Cadel Evans’ new challenge this year is to get a double dose of Grand Tours, using his mountainbiking background as an aid. He finished fifth overall in the Giro d’Italia after winning stage seven on the “strade bianche”, the gravelled roads of Tuscany, and on Tuesday gained time over almost all the other GC contenders thanks to the pavé sections of the Tour de France's third stage.
The world champion is now the highest ranked of the favourites, laying in third place with thirty seconds advantage over Andy Schleck, 1.01 over Alberto Contador, 1.10 over Bradley Wiggins and 1.51 over Lance Armstrong. “This is a very good day for us”, said a jubilant BMC team owner Andy Rihs, whose passion for cycling was affected by the Floyd Landis drama in 2006 but is restored now by the exploits of the world champion.
“Even in my most pretentious plans, I couldn’t have imagined that I could gain so much time over adversaries like Contador and Armstrong”, Evans told L’Equipe after stage three to Arenberg. “I had put a mark on that day because I knew it could be chaotic. We prepared it well with the right material. We discussed a lot about technical details, choice of tyres and gears. We didn't make any mistakes.”

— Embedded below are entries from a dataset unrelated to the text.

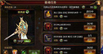 大家平时完成任意的每日任务都会得到10召唤点,可以用来召唤一个普通的神祗。只要召唤成功一次,就会获得5星魂的奖励。这是游戏中最常见的星魂来源。第二就是这星魂任务了。这些任务说实话都比较难,但是一旦达到的话奖励的星魂是非常多的。其中也有一些比较好做的,比如满足召唤次数即可获赠星魂。个人建议朋友们还是存多一点,直接在星魂任务界面兑换左侧的推荐神祗,这比你漫无目的的去抽奖会好一些,虽然比较贵。不过这里推荐的可都是真正的顶级神祗哦!比如这雅典娜,光看造型就知道有多厉害了。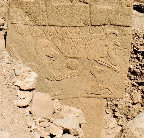 Шотландские исследователи утверждают, что расшифровали символы на одном из столпов, известном как "камень-гриф" или "камень стервятника". Помимо изображений птиц и животных, они обнаружили на барельефе безголового человека, окруженного символами смерти: стервятником и скорпионом. Для древних людей это был символ катастрофы и массовых жертв, говорят авторы научной работы.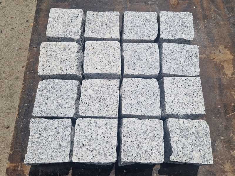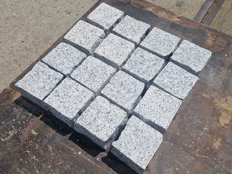 Afmetingen circa 10 cm x 10 cm x 80 mm. Natuursteen. Aantal pallets: 1. Kleur: Graniet grijs Lengte: 10cm Breedte: 10cm Hoogte: 80cm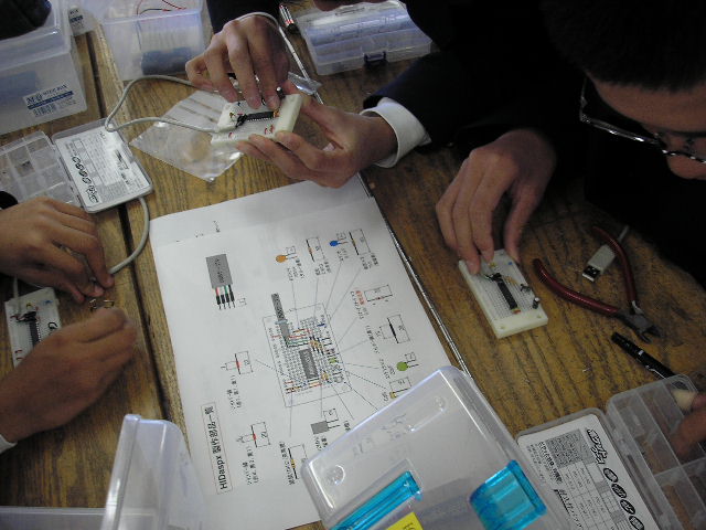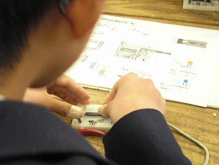 - ●光センサ(CdS)とLED8個の点滅制御のためのプログラミング実習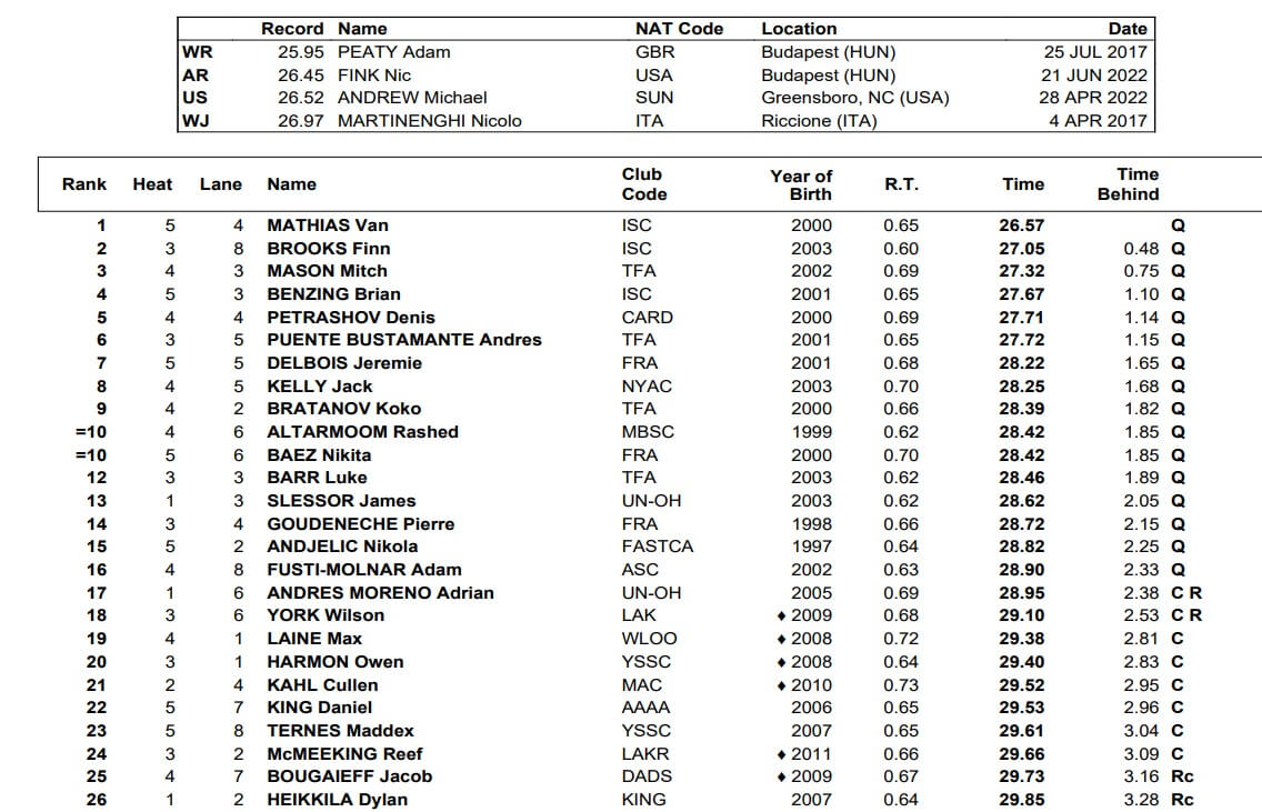 Indiana Swim Club’s Van Mathias (26.57) and Finn Brooks (27.05) claimed the top two seeds, while teammate Brian Benzing was fourth (27.67).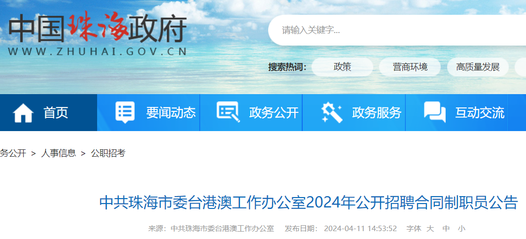 筆試成績(jī)、參加面試人選名單及面試相關(guān)事項(xiàng),將于2024年4月28日18時(shí)前在珠海市人民政府網(wǎng)站(https://www.zhuhai.gov.cn/)公布。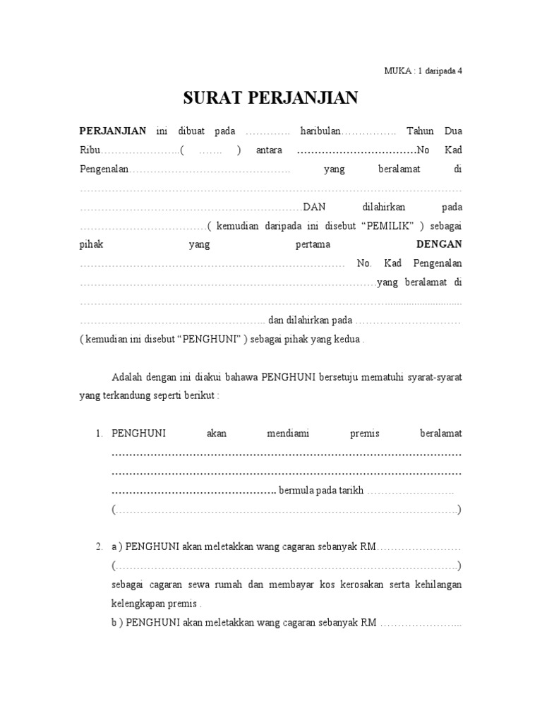 Doc Surat Perjanjian Sewa Kedai Rent Agreement Nedy Elmayra Academia Edu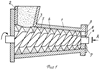 Недостатком известного устройства являются повышенные энергозатраты, вызванные трением ножей о неподвижную матрицу и о вращающуюся, с иной скоростью, чем нож, поверхность вращения. Выход из матрицы очередных гранул осуществляется их выталкиванием последующими гранулами, что не исключает их слипания. Неэкономично и конструктивно сложно использование двух приводов (вращения поверхности вращения и вращения ножа) для выполнения одной задачи – образования гранул. Кроме того, как видно из чертежа, уплотнение материала, необходимое для гранулирования, не может осуществиться, поскольку при постоянном шаге навивки и возрастающей емкости межпазухового пространства материал не уплотняется, а разрыхляется.

Evans had never ridden competitively on the cobblestones of Paris-Roubaix before. He reconnoitred the stages in April with his teammate Steve Morabito. “I knew where the traps were and also the profitable places for the best positioning”, Evans said.
Fränk Schleck's crash makes Evans to be the top beneficiary of the hectic day, but BMC team president Jim Ochowicz played it down, although he was obviously satisfied with the outcome of the stage. “We’re out of a rider too”, he told Cyclingnews. BMC lost Mathias Frank to a severe crash during the prologue in Rotterdam. The Swiss rider was supposed to be one of Evans’ right hand men in the mountains.
BMC's young team in formation doesn't offer the best climbing support to Evans, while Saxo Bank remains well armed for the climbs with Jakob Fuglsang and Chris Anker Sørensen. On the other hand, the line-up looked good for the cobblestones stage with the likes of Paris-Roubaix specialist George Hincapie and former Gent-Wevelgem winner Marcus Burghardt. But Evans rode successfully by himself in the heat of the action on the pavés.
“I kept in mind my bad prologue in Rotterdam (23rd) and I didn’t want to lose more time like in the team time trial of Montpellier last year”, Evans added. “I wanted to make up my deficit as quickly as possible. For once things turn out in my favour. I’m really happy. Psychologically, it’s good to be ahead but I don’t want to think about the future of this race for now.”
The popular success of stages like the strade bianche and the pavés will push the Grand Tours organisers to go for more stages like that. This could eventually make Evans a winner after all the disillusions he experienced in the past five years.